Читаем Опиумная война полностью

— Скрываются. Забыты. В недавней истории лишь среди кочевников Глухостепи и племен Спира остались те, кто способен общаться с богами. И это не совпадение. Задача по модернизации и мобилизации влечет за собой веру в способность человека контролировать мировой порядок, а когда такое происходит, теряется связь с богами. Когда человек начинает думать, что сам пишет сценарий мировых событий, он забывает о силах, придумавших нашу реальность. Когда-то академия была монастырем. А теперь здесь готовят военных. Ты обнаружишь, что подобное повторяется во всех великих государствах мира, вошедших в так называемую цивилизованную эру. В Мугене нет шаманов. В Гесперии нет шаманов. Они почитают людей, которых считают богами, но не самих богов.

— А что насчет никанских суеверий? — спросила Рин. — То есть в Синегарде, где много образованных людей, религия исчезла, но что насчет деревень? Насчет религии народа?

— Никанцы верят в иконы, а не в богов, — ответил Цзян. — Они не понимают, чему поклоняются. Ставят ритуалы выше теологии. Шестьдесят четыре бога с одинаковой властью? Как удобно и как нелепо. В религии невозможны такие четкие определения. Боги организованы не так аккуратно.

— Но я не понимаю, — сказала она. — Почему исчезли шаманы? Разве Красный император не был бы более могущественным, если бы шаманы вступили в его армию?

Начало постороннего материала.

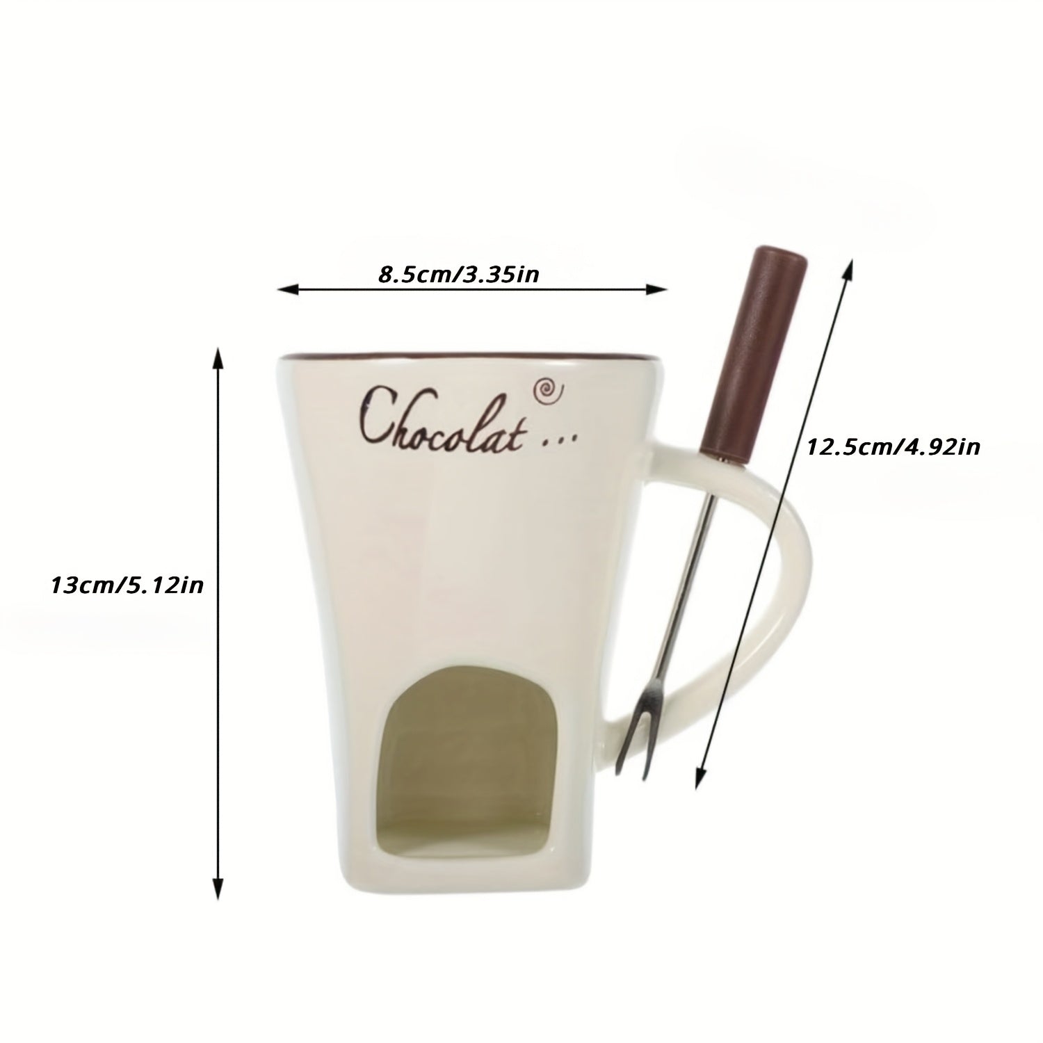 TFS Chocolate Fondue Mug - Ceramic, Reusable, Hand-Wash Only, Multipurpose Hot Chocolate & Fondue Pot with Whisk, Ideal for Cheese, Caramel, Butter, Hot Chocolate Making | Whisked Drinkware | Durable Drinkware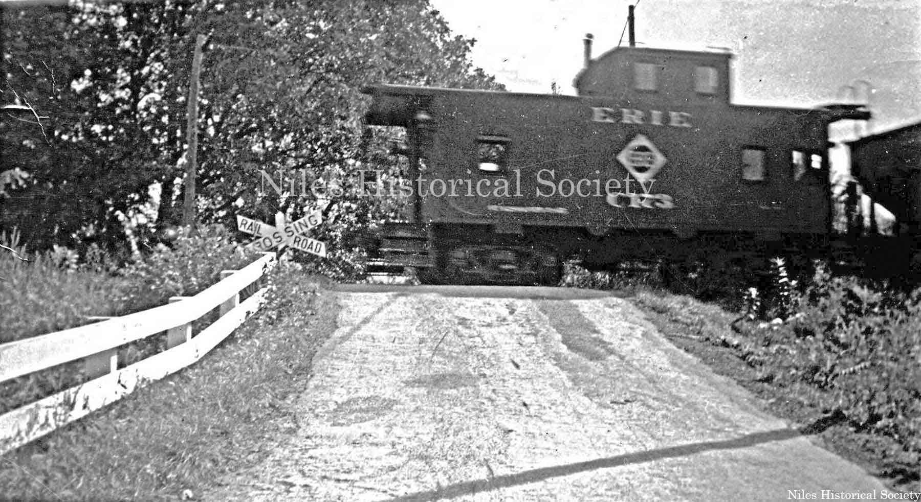 Erie Rail Road caboose as it crosses over County Line Road in Mineral Ridge.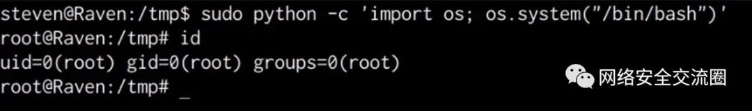 sudo python -c 'import os; os.system("/bin/bash")'如下面的屏幕截图所示,前面的命令将产生一个具有“root”权限的新bash会话。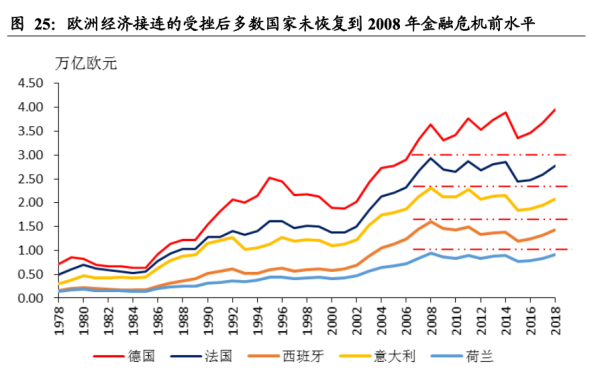 有行业人士直言,欧洲经济在疫情前接连遭遇2008年金融危机和2012年的欧债危机的冲击,经济增长接连遭遇打击。欧洲主要国家除德国外经济规模均未恢复到2008年的水平。此次疫情冲击后,政府大规模的债务积累,居民和企业资产负债表有待修复,欧洲或将进一步陷入低增长泥潭。为应对疫情所积累的大量债务也将进一步加重整个欧洲的债务负担,让欧洲经济继续“负重”前行。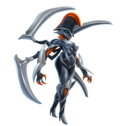 Jabaline is basically as humanoid ant warrior, and they even remembered that soldier ants are female, but they didn't lean too far into making her look human; just enough for her to look really cool, like she could be someone wearing strange, insectoid armor, but it's all much too thin to have a person inside, and her head is full-blown, glassy-eyed ant monster!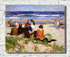 Immerse yourself in the timeless beauty of Edward Henry Potthast's "On the Beach, Ogunquit, Maine (1924)." This captivating beach scene effortlessly captures the essence of a serene day on the coast. The warm hues of the sunlit sand blend seamlessly with the cool tones of the ocean, creating a harmonious symphony of nature. Potthast's masterful use of light and shadow brings life to the scene, as beachgoers engage in leisurely activities, basking in the tranquility of the moment. With each brushstroke, the artist transports you to a bygone era, inviting you to experience the joy and simplicity of a day at the beach through his eyes.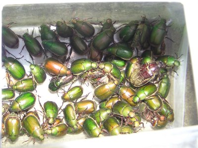 【左】戻ると、カナブンの仲間がたくさん来ていました。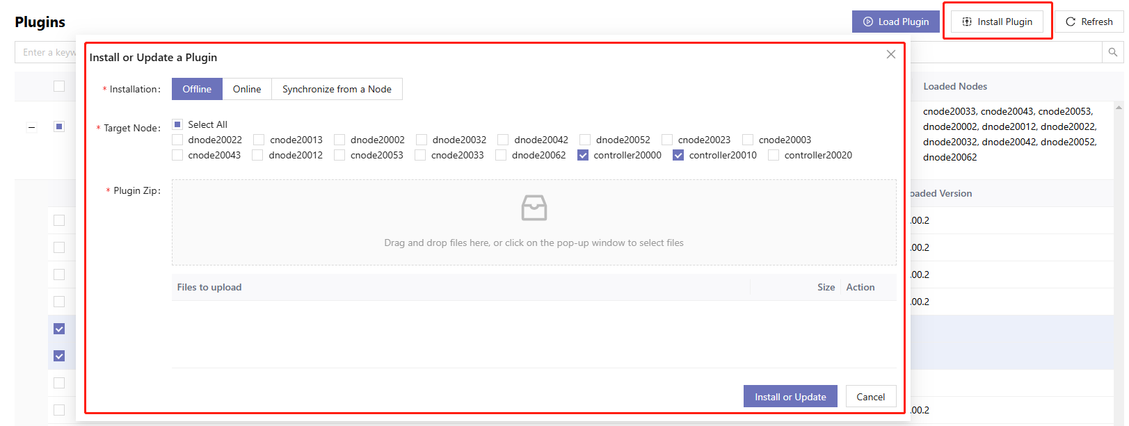 In the pop-up window, select Synchronize from a Node, choose the plugin to install/update, the target node, and the source node, then click Install or Update.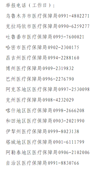同時,新疆維吾爾自治區醫療保障局公布了自治區及各地州市醫療保障局舉報電話。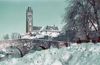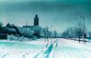Wilhelminasingel en kathedraal. De straat bedekt door een flink pak sneeuw.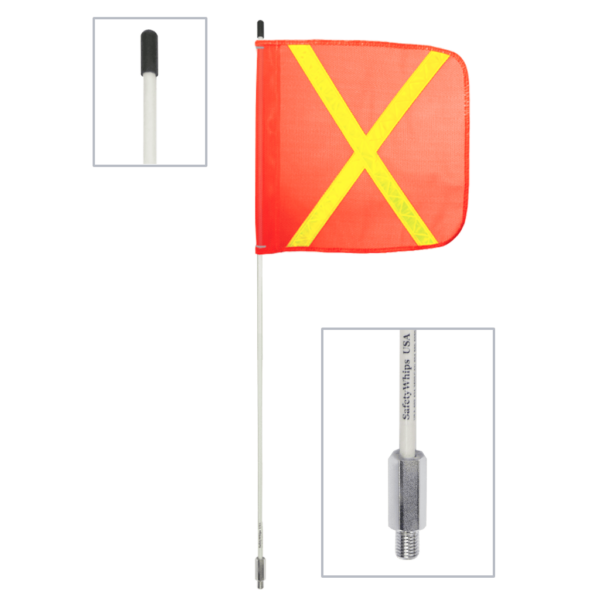 3' Light Duty, All Weather Fiberglass Warning Whip. 3/8" Whip Diameter. This 1 Piece Non-Powered Whip has a Threaded Base on the bottom. This Whip includes an Orange Mesh 16" x 16" Flag with a Yellow Reflective ''X''.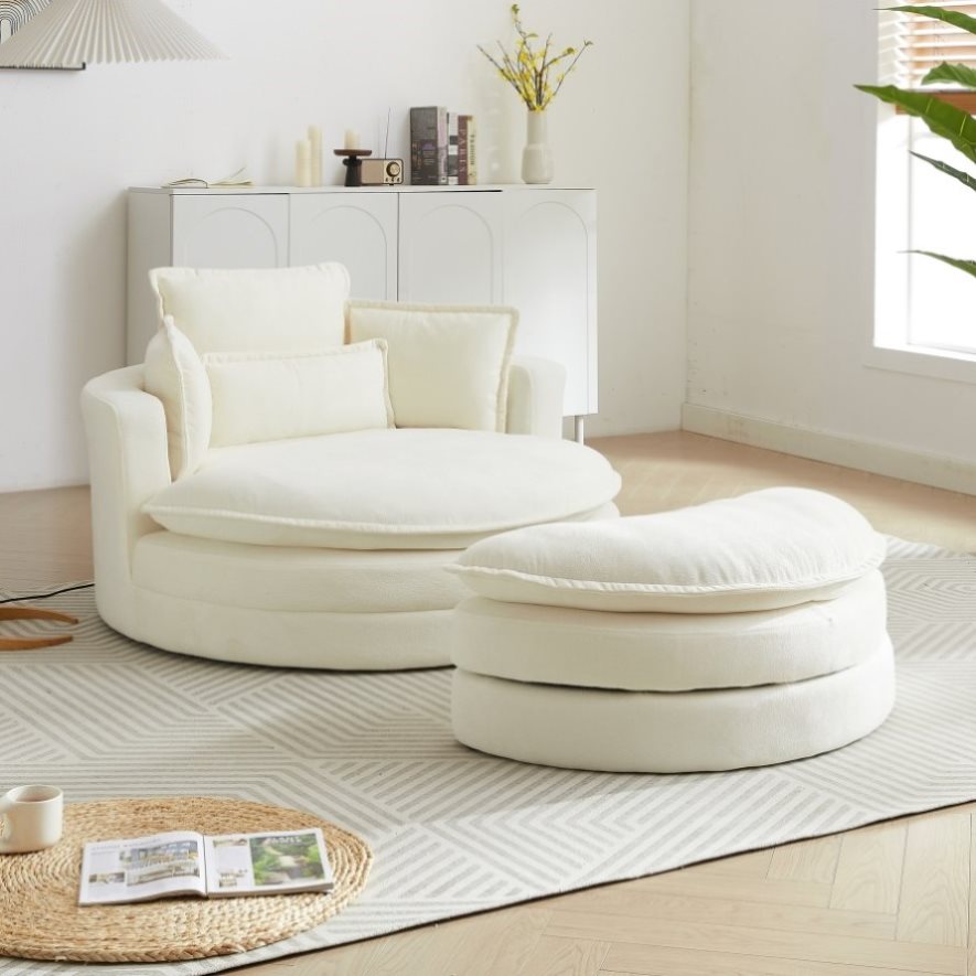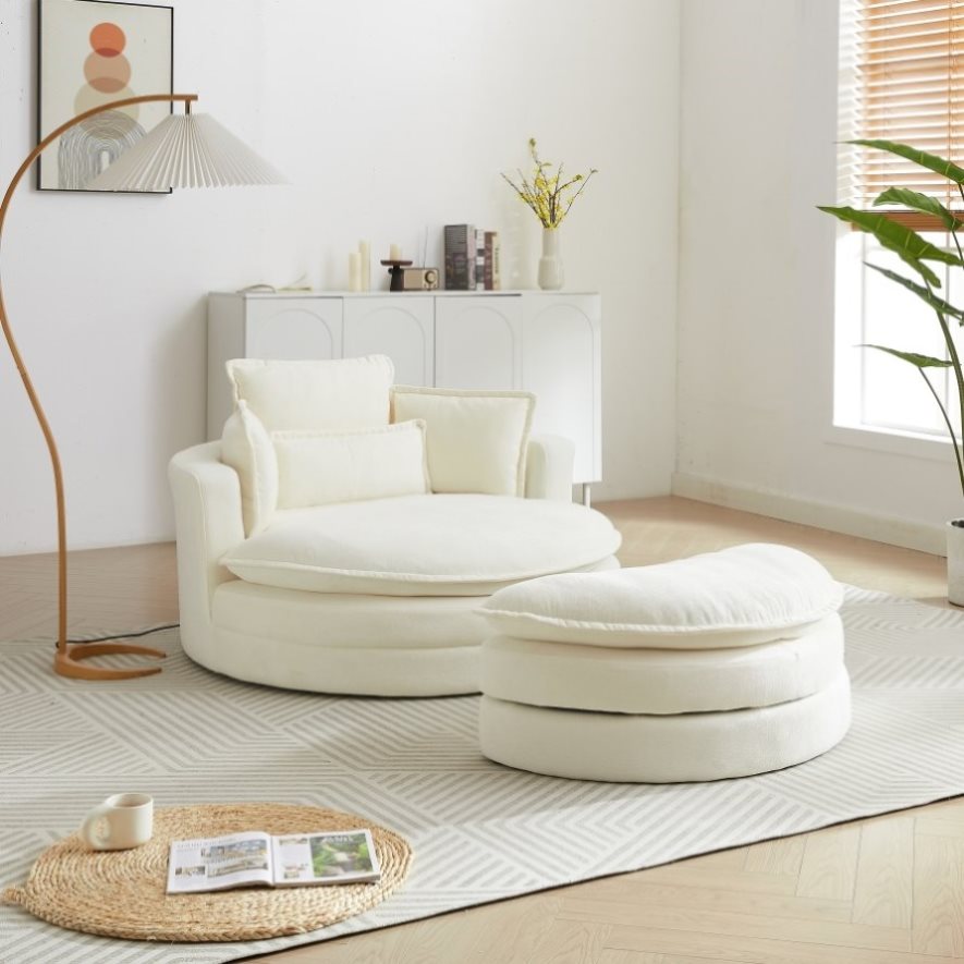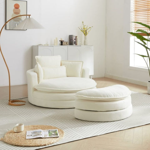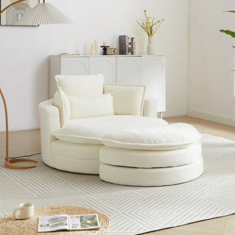 52'Swivel Accent Barrel Modern Beige Sofa Lounge Club Big Round Chair with Storage Ottoman chenille W834P150047

— Нет. Все наоборот. Создание империи требует единства и подчинения. Учений, которые распространены по всей стране. Ополчение — это бюрократическая сущность, которой интересны только результаты. Я не могу преподавать все то же самое в классе из пятидесяти человек, а уж тем более для тысяч. Ополчение почти целиком состоит из людей вроде Цзюня, который считает имеющим значение лишь то, что дает немедленные результаты, причем эти результаты можно воспроизвести и снова использовать. Но шаманизм — искусство неточное. Как же иначе? Оно касается фундаментальных истин о каждом из нас, как мы связаны с феноменом бытия. Конечно, оно неточное. Если мы полностью это поймем, то сами станем богами.

Рин это не убедило.

— Но ведь наверняка какие-то учения можно было распространить шире.

— Ты переоцениваешь возможности империи. Подумай о боевых искусствах. Почему ты сумела победить однокурсников на Испытаниях? Потому что они изучали урезанную для удобства версию. То же самое относится и к религии.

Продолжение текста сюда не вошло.